Saying no is the greatest productivity tip.
It is always faster to not do something than to do it. This sentence reminds me of an old computer programming adage: "Remember, no code is quicker than no code."
The same principle may be applied to other aspects of life. There is no meeting, for example, that moves faster than not having one at all.
This is not to imply you should never go to another meeting again, but the fact is that we often say yes to things we don't want to do. Many meetings are held that do not need to be held. There is a lot of code that might be removed.
How frequently do you get asked to do something and simply say, "Sure thing." Three days later, you're exhausted by the length of your to-do list. We feel annoyed by our commitments, despite the fact that we agreed to them in the first place.
It's worth considering whether certain items are absolutely required. Many of them aren't, and a simple "no" will be more productive than the most efficient person's job.
But, if the advantages of saying no are so evident, why do we say yes so frequently?
Why Do We Say Yes?
Many requests are granted not because we want to do them, but because we don't want to be perceived as unpleasant, arrogant, or useless. Often, you must consider saying no to someone with whom you will interact again in the future—your coworker, spouse, family, and friends.
Saying no to these folks might be especially tough since we like and support them. (Not to mention, we often need their aid too.) Collaborating with others is an essential part of life.

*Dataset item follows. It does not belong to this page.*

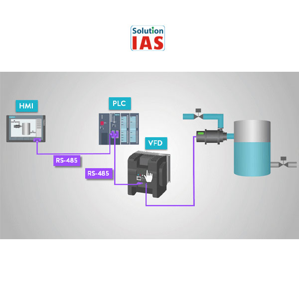 - Hệ thống VFD cho khi được kết nối RS485 sẽ kiểm soát được tốc độ của máy bơm từ xa.
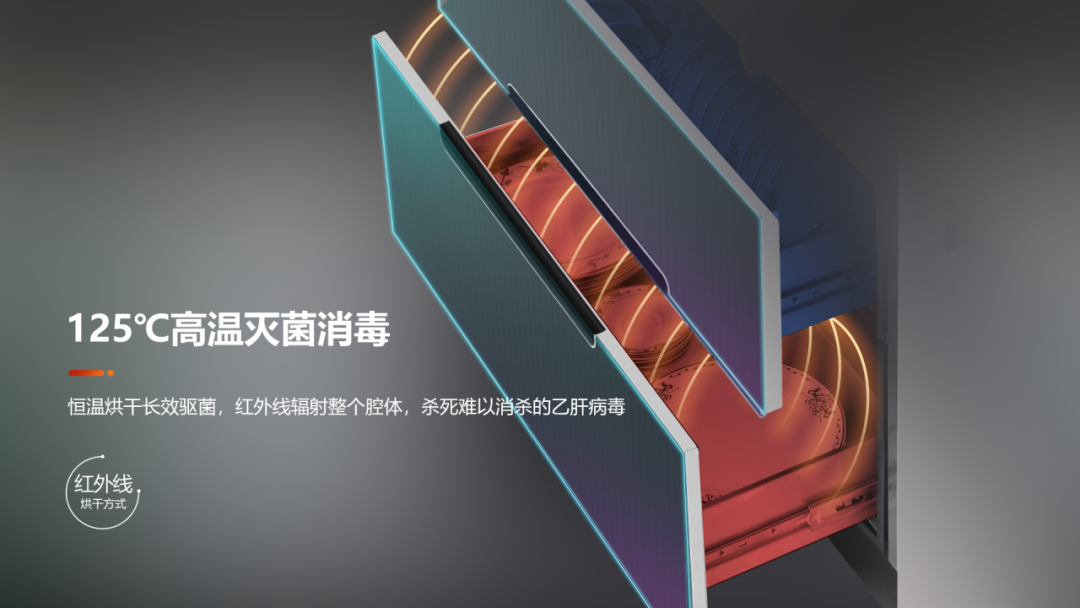 科恩C260L配有120L大容量消毒柜,采用臭氧與紫外線雙重消毒,125℃雙管高溫消毒,360°循環(huán)發(fā)熱殺菌更徹底,高溫蒸發(fā)腔內(nèi)水分,防止細(xì)菌滋生。可持續(xù)15分鐘,125℃高溫滅菌消毒,紅外線輻射整個(gè)腔體,殺死難以消殺的乙肝病毒。真正母嬰級(jí)消毒柜,讓媽媽更放心。

The prospect of straining the connection surpasses our time and energy investment.
As a result, being generous in your reaction might be beneficial. Do whatever favors you can, and when you have to say no, be warm-hearted and clear.
Even after accounting for these social influences, many of us appear to do poorly in handling the tradeoff between yes and no. We get overly dedicated to activities that do not significantly benefit or help individuals around us, and certainly do not improve our own lives.
One difficulty might be how we think about the meaning of yes and no.
The Distinction Between Yes and No
The words "yes" and "no" are used so frequently in contrast to one another that it appears they have equal weight in discourse. In actuality, they are not just polar opposites in meaning, but also in terms of commitment.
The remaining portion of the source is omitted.